Kamalak, partisinin il kongresine katılmak üzere geldiği kentte iş adamlarıyla yemekte bir araya geldi.
Yemek öncesi gazetecilerin sorularını yanıtlayan Kamalak, "Sümmeye Erdoğan'a suikast iddiaları konusunda neler düşünüyorsunuz" sorusu üzerine bu konuya nereden bakılırsa bakılsın sevimsiz bir olay olduğunu söyledi.
Gerçek olup olmadığını bilmediğini belirten Kamalak, "Genelde medya mensupları, siyasiler bu olayın gerçek olmadığı kanaatinde. Öyle de olsa böyle de olsa sevimsiz bir olaydır diye düşünüyoruz. Zamana bırakmak lazım, herhalde Türkiye Cumhuriyeti Devleti olayları aydınlığa kavuşturacak kadar güçlüdür" diye konuştu.
"IŞİD tarafından Suriye'deki Süleyman Şah Türbesi'ni koruyan askerlerin esir alındığına yönelik iddialar var. Sizin bu konudaki görüşleriniz nelerdir" sorusu üzerine ise Kamalak, bu olayın gerçek olduğunu sanmadığını aktararak, "Kanaatimce IŞİD o kadar çılgınlık yapacak kadar akılsızlık değil diye düşünüyorum" diye cevap verdi.
Kamalak, daha sonra iş adamlarına yönelik yaptığı konuşmada, iktisadi bağımsızlığını elde edemeyen ülkelerin siyasi bağımsızlıklarını sürdürebilmelerinin mümkün olmadığını savundu.

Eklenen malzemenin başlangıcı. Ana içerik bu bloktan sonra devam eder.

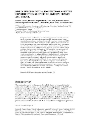 Davies, R., Crespin-Mazet, F., Linne, A., Pardo, C., Havenvid, M. I., Harty, C., Ivory, C. and Salle, R. (2015) BIM in Europe: innovation networks in the construction sectors of Sweden, France and the UK. In: 31st Annual ARCOM Conference, 7-9 September 2015, Lincoln, UK, pp. 1135-1144.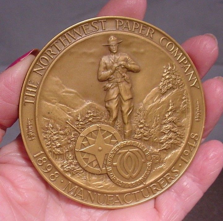 Title (ebay affiliate link): Commemorative Coin Paperweight Weyerhauser Northwest Paper 1898-1948 Brass Bronz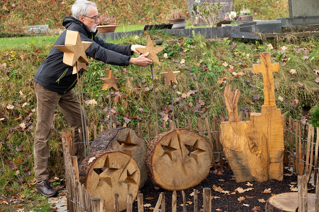 In einer feierlichen Prozession wurden die fünf Sterne zum Sternenkinder Friedhof gebracht: ein besonderes Projekt an einem besonderen Ort. Vor vier Monaten bei einem Orgelkonzert in Lieberhausen entstand der Kontakt zwischen Pfarrerin Anja Karthäuser und dem Künstler Uwe Wintersohl, der selber diese Hoffnung und Freude auf ein Kind erlebte mit traurigem Ausgang. Dadurch habe ihn das Projekt persönlich so angesprochen und er habe gerne die Gestaltung übernommen. "Es musste etwas mit Sternen zu tun haben und das Symbol der Hoffnung mit dem Engel dazu." Daneben das Kreuz, was zusammen das Leben mit dem Tod verbindet. Für Wintersohl sei zudem der Baum das Symbol des Lebens. Die Eichenfragmente stammen vom Windbruch und haben natürliche Risse im Holz - Symbole für die Risse im Leben.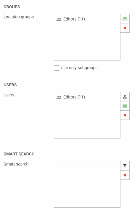Under Groups, Users and Smart search (Figure 3.1), you can select which users/groups/smart search groups you want to show on the map, depending on whether they have an address/city and country registered. If you want to use only the subgroups for a user group, select Use only subgroups.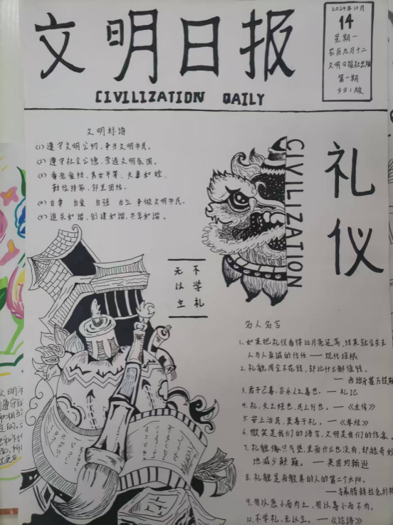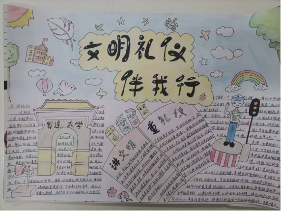 随后,太阳成集团122ccvip将“与文明同行,与礼仪相伴”主题与文明礼貌月活动相结合,在全院开展手抄报大赛,同学们积极响应,收到了百余件作品,优秀作品在太阳成集团122ccvip门口展出,教育员工讲文明、懂礼貌。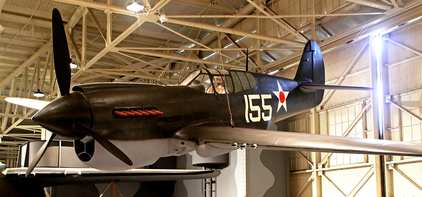 Curtiss P-40 Warhawk (Serial No. 191), replica,  suspended from wires in the USS Kidd Veterans Museum in Baton Rouge, Louisiana.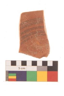 | Description / विवरण | Specimen of black on red ware with decorative geometric Five parallel lines painting. |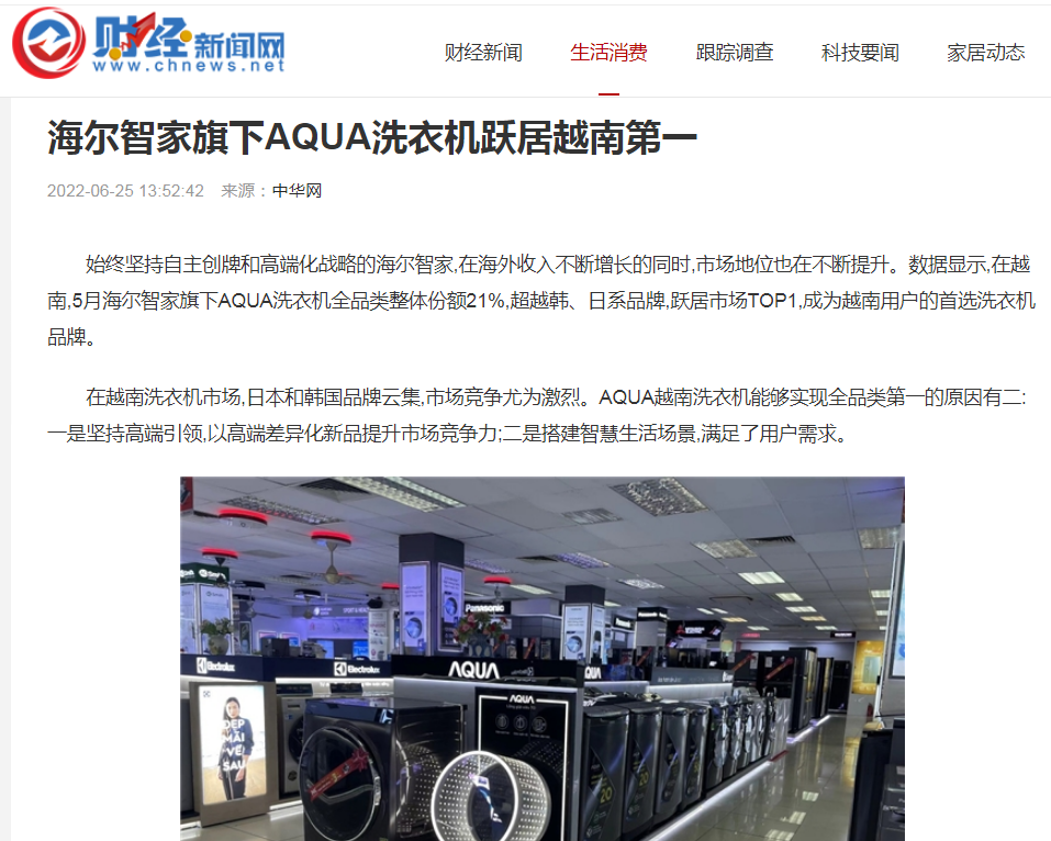 据了解,AQUA是海尔智家旗下高端品牌,始终坚持高端引领,以高端差异化新品提升市场竞争力,致力于搭建智慧生活场景,满足用户需求。该公司生产的洗衣机、冰箱产品在越南市场份额分别位居行业榜首。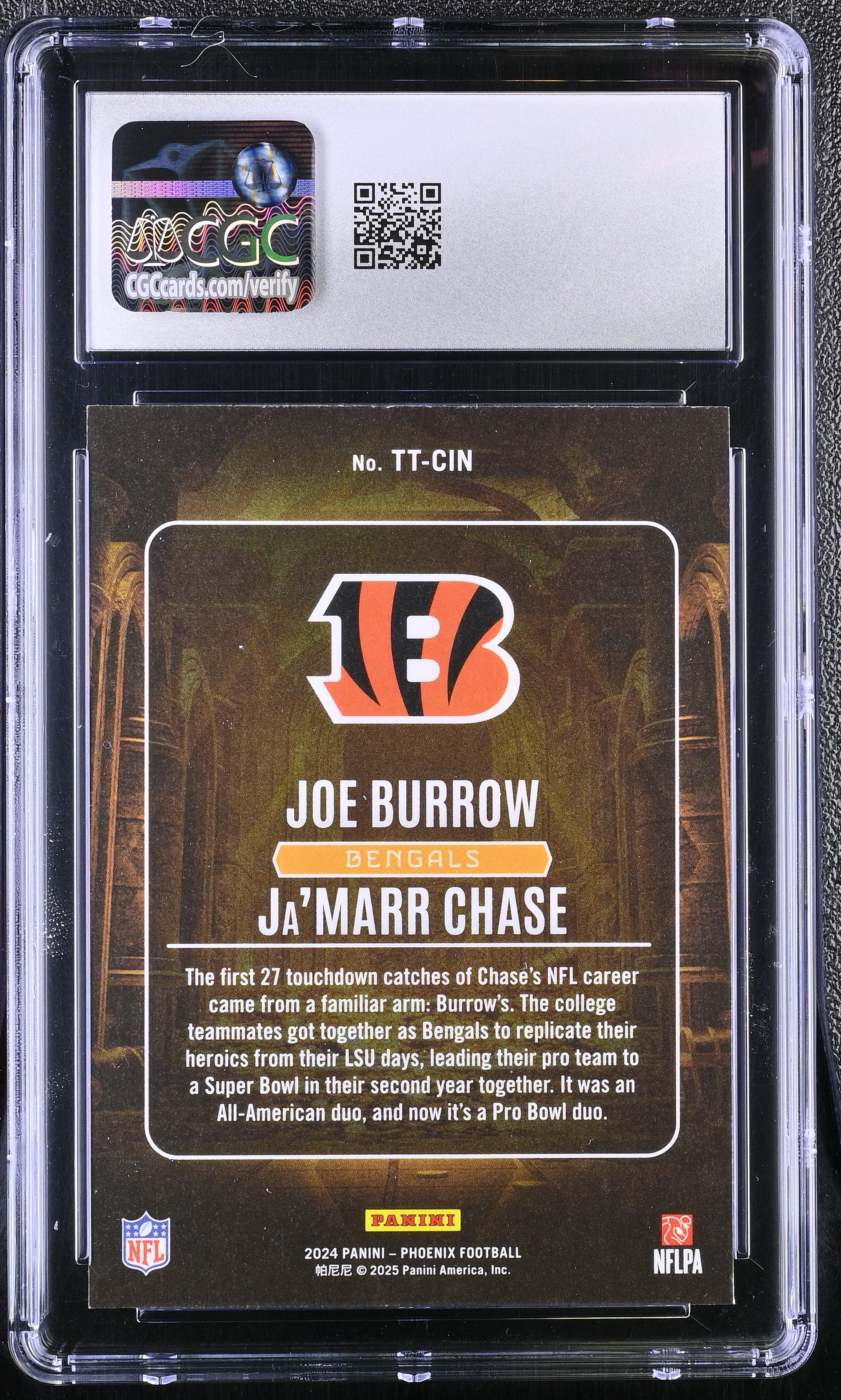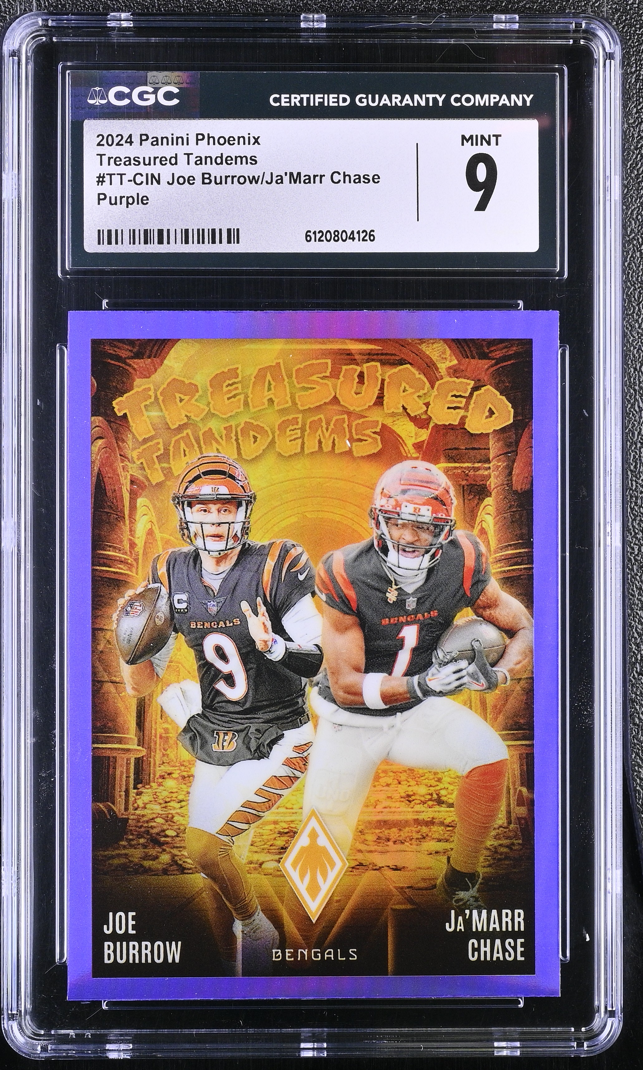 Joe Burrow / Ja'Marr Chase 2024 Panini Phoenix Treasured Tandems Purple #TT-CIN (CGC 9)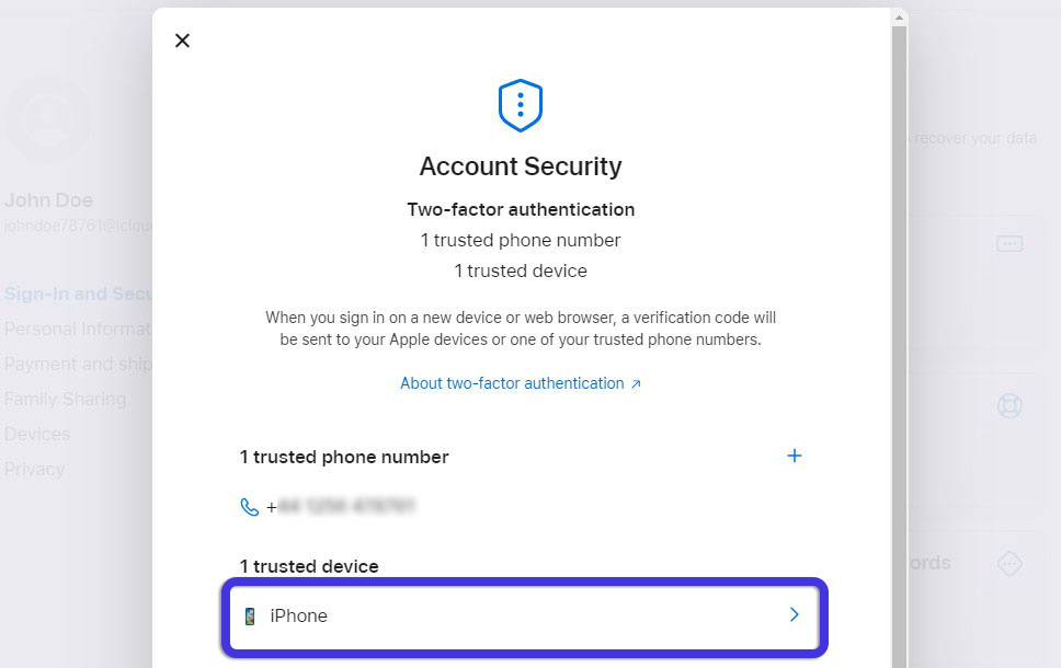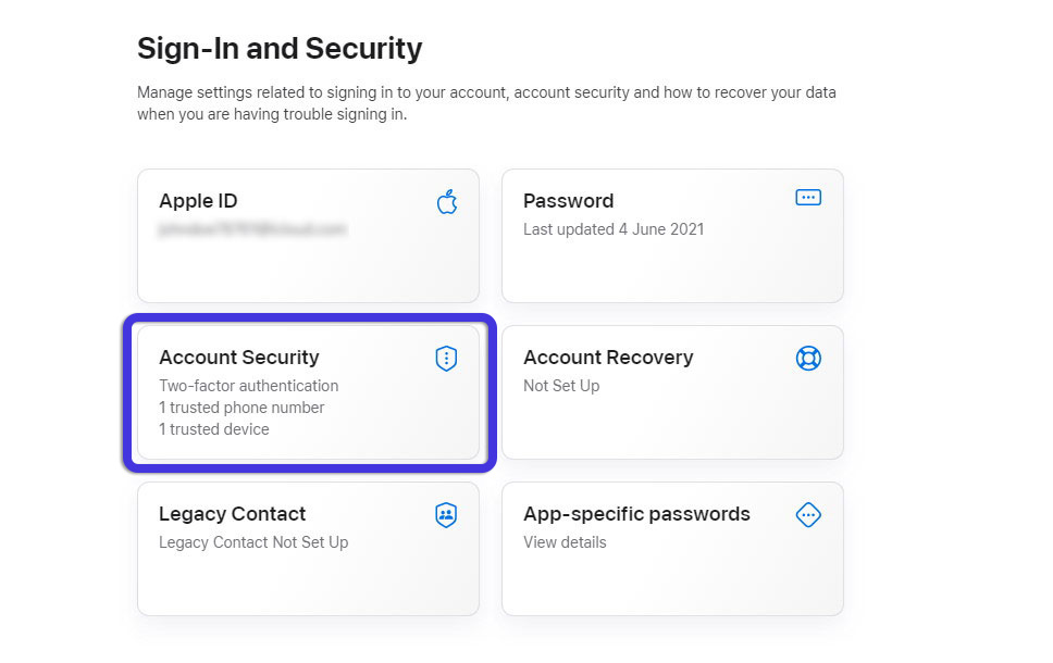 Fig 7. Apple Account Security options.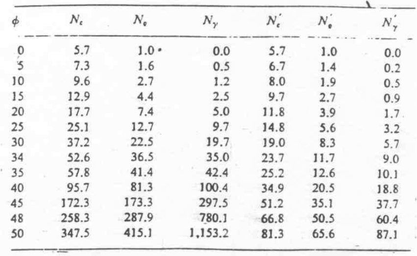 Tabela - Fatores de Capacidade de Carga de Terzaghi (obtidos em Bowles, 1968).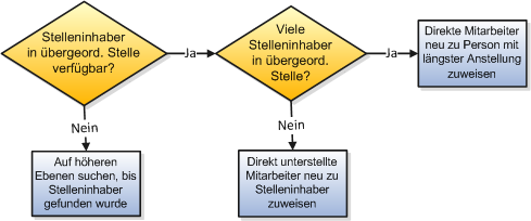 Sind Stelleninhaber in den untergeordneten Stellen vorhanden, werden sie als direkt unterstellte Mitarbeiter des Linienmanagers hinzugefügt. Wenn bereits ein Manager in der untergeordneten Stelle vorhanden ist, wird dieser Wert ignoriert und durch den neuen Manager ersetzt.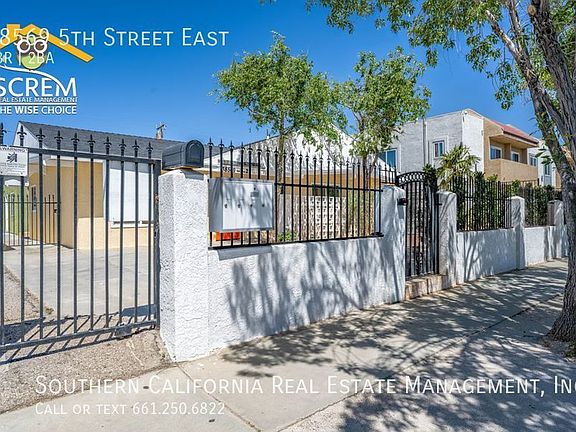 Updated four-bedroom single-story front house of a triplex located in Palmdale. The entry leads to the living room and dining area with luxury vinyl plank flooring, wood-beamed ceilings, and a sliding glass door that leads to a side patio. The kitchen features recessed lighting and ceramic tile flooring. Additionally, the kitchen appliances include a new gas stove (not pictured) and a dishwasher. Off the kitchen is a small bonus room that could be used as an office. There is a laundry closet that has full-size washer and dryer hookups. This house has three guest bedrooms, each with wood-beamed ceilings, and an updated full guest bathroom with dual sinks. The master bedroom features wood-beamed ceilings and a storage nook. The master bathroom has a walk-in shower. This home has dual-pane windows and an electronic front gate for added security. There are two assigned carport spaces located behind the building, along with a small storage space. Water is included in the rent. *No pets. Application fee of $50 per applicant. No other website can schedule appointments for our properties. * Tenants will need to obtain Renters Insurance. Proof of insurance will be needed at lease signing. DO NOT DISTURB OCCUPANTS PRIVATE PROPERTY - NO TRESPASSING Security Gate Two Assigned Parking Covered Spaces

İktisadi bağımsızlığın sürdürülebilmesi için de mutlak surette üniversitelerin yeniden dizayn edilmesi gerektirdiğini, yüksek teknolojiye mutlak surette belli program dahilinde üniversitelerde yer verilmesi gerektiğini anlatan Kamalak, şunları söyledi:
"Hedef, idealist gençlik. Üniversitelerde yüksek teknolojiye yönelik bir devlet anlayışı içerisinde program yok ama ilkokulda, ortaokulda var mı, orta öğretimde maalesef orada da yok. Şu halde eğitim sistemini bir bütün olarak ele almak durumundayız üretim için, çünkü bunlar bir binanın taşları gibi üst üste konulması gereken unsurlardır.'
- Kadın cinayetleri
Kamalak, gelinen noktaya bakıldığı zaman son 10 yıl içerisinde 7 bin küsur kadının, kocası, hısım akrabası, sevgilisi tarafından katledildiğini söyleyen Kamalak, şöyle devam etti:
"En yakın olay, biliyorsunuz Özgecan hadisesi. En yakın olaylardan bir tanesi, tek olay o değil. Türkiye genelinde o ses getirdiği için onu biliyoruz. Gelinen nokta bu. Düşünün bir anne diyor ki ağlıyor Özgecan'ın annesi, 'Kızımı bekledim, bekledim gelmedi' diyor. Ne korkunç bir şey bu. Düşünün insan kedisi gelmese kanaatimce ev kendisine zindan olur, nerede diye onu arar ama burada gelmeyen ve gelmeyecek olan onun öz ciğerinden kopan yavrusu. 20 yaşında bir fidan üniversite öğrencisi. Ne oluyor, 22 yaşındaki, bu ülkenin okullarında yetişmiş olan bir genç tarafından hunharca katlediliyor, bunun daha vahimi babasından, arkadaşından yardım istiyor. Onlar da geliyor diyor ki 'Oğlum kız yüzünü cırmalamış, tırnaklarının arasında senin deriler var, ne yapalım, elini kes.' Yetmedi 'yakalım' diyor ve yakılıyor. Peki Milli Görüş ne diyor, önce ahlak ve maneviyat ancak nasıl bir ahlak ve maneviyat, hiç şüphesiz ki bu milletin örfüne, adetine, inancına uygun bir ahlak ve maneviyat."
Kamalak, daha sonra partisinin il kongresine katıldı.